### WORK TO COMPLETE
Exclude the pictures from your copy, and reproduce each entry below verbatim.

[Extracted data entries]
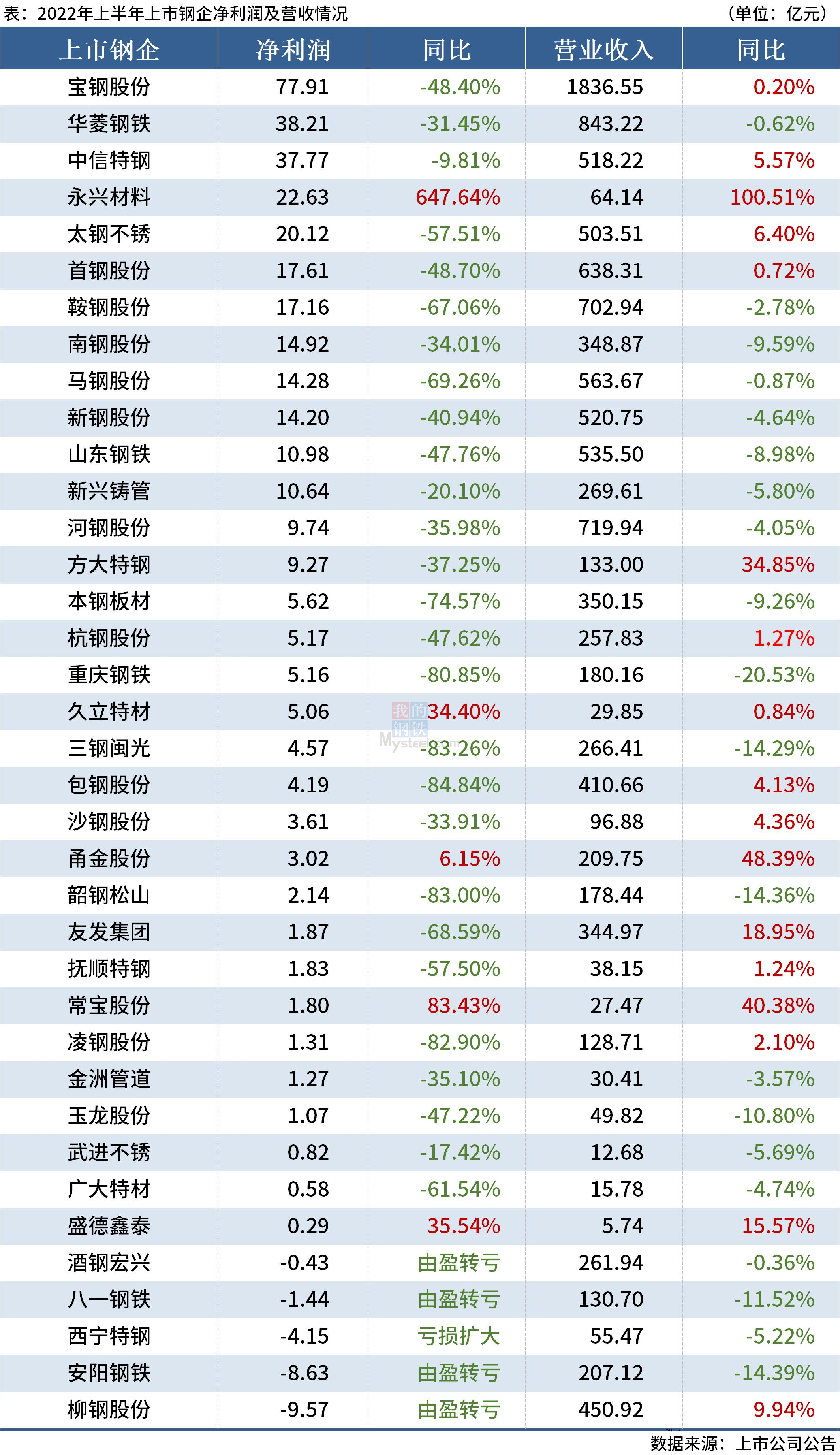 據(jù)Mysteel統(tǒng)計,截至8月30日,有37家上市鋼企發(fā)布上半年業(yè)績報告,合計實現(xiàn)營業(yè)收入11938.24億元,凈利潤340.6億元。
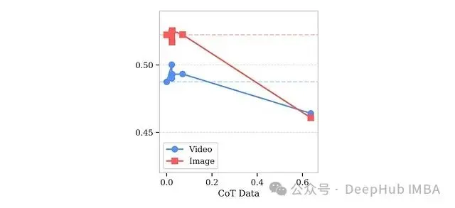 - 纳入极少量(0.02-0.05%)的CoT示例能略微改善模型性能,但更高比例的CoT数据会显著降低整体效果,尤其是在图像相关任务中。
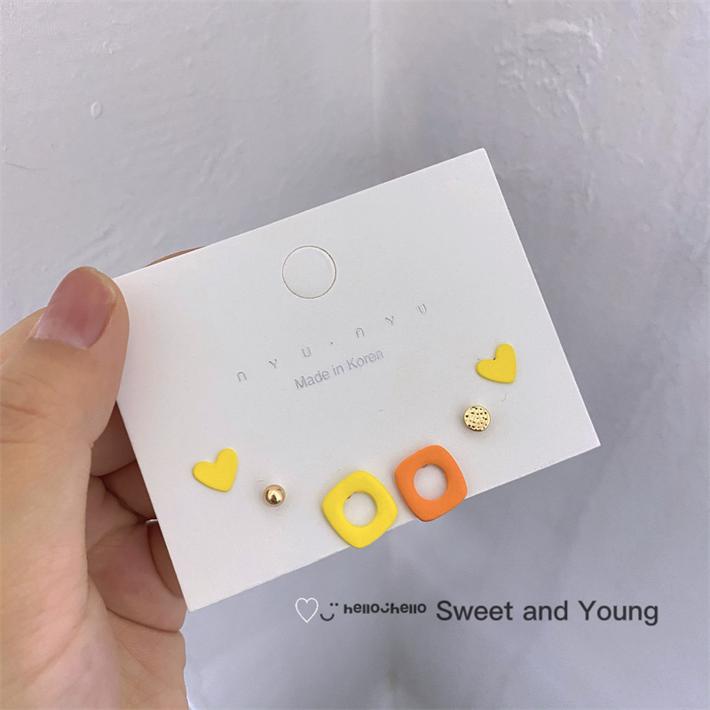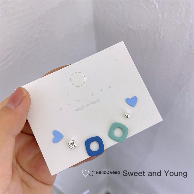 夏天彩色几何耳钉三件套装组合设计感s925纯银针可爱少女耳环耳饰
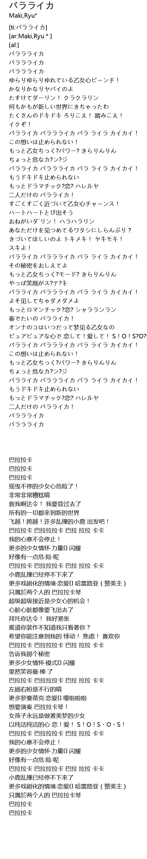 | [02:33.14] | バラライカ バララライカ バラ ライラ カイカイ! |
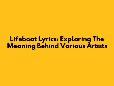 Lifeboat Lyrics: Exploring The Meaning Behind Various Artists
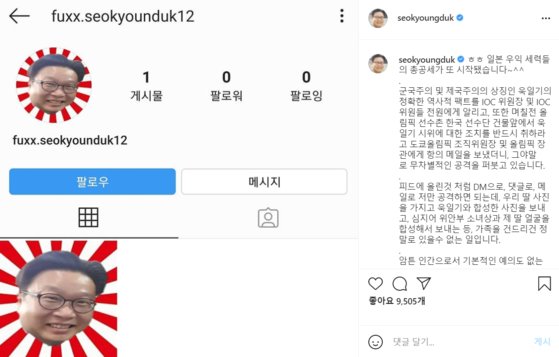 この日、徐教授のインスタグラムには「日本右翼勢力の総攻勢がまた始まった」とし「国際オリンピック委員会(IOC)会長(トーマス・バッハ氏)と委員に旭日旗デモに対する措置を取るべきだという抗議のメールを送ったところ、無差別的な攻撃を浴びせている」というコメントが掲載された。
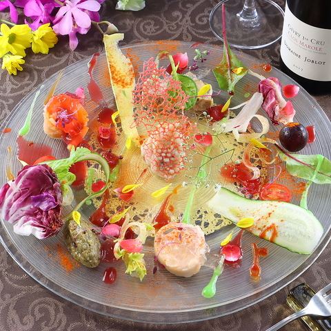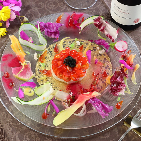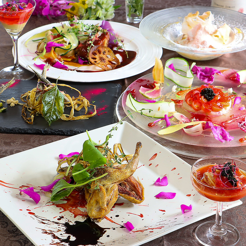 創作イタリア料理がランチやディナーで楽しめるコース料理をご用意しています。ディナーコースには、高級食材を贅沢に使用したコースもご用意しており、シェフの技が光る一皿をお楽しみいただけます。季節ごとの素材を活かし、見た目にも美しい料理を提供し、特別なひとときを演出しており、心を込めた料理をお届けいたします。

### RESPONSE
 據(jù)Mysteel統(tǒng)計,截至8月30日,有37家上市鋼企發(fā)布上半年業(yè)績報告,合計實現(xiàn)營業(yè)收入11938.24億元,凈利潤340.6億元。
 - 纳入极少量(0.02-0.05%)的CoT示例能略微改善模型性能,但更高比例的CoT数据会显著降低整体效果,尤其是在图像相关任务中。
 夏天彩色几何耳钉三件套装组合设计感s925纯银针可爱少女耳环耳饰
 | [02:33.14] | バラライカ バララライカ バラ ライラ カイカイ! |
 Lifeboat Lyrics: Exploring The Meaning Behind Various Artists
 この日、徐教授のインスタグラムには「日本右翼勢力の総攻勢がまた始まった」とし「国際オリンピック委員会(IOC)会長(トーマス・バッハ氏)と委員に旭日旗デモに対する措置を取るべきだという抗議のメールを送ったところ、無差別的な攻撃を浴びせている」というコメントが掲載された。
 創作イタリア料理がランチやディナーで楽しめるコース料理をご用意しています。ディナーコースには、高級食材を贅沢に使用したコースもご用意しており、シェフの技が光る一皿をお楽しみいただけます。季節ごとの素材を活かし、見た目にも美しい料理を提供し、特別なひとときを演出しており、心を込めた料理をお届けいたします。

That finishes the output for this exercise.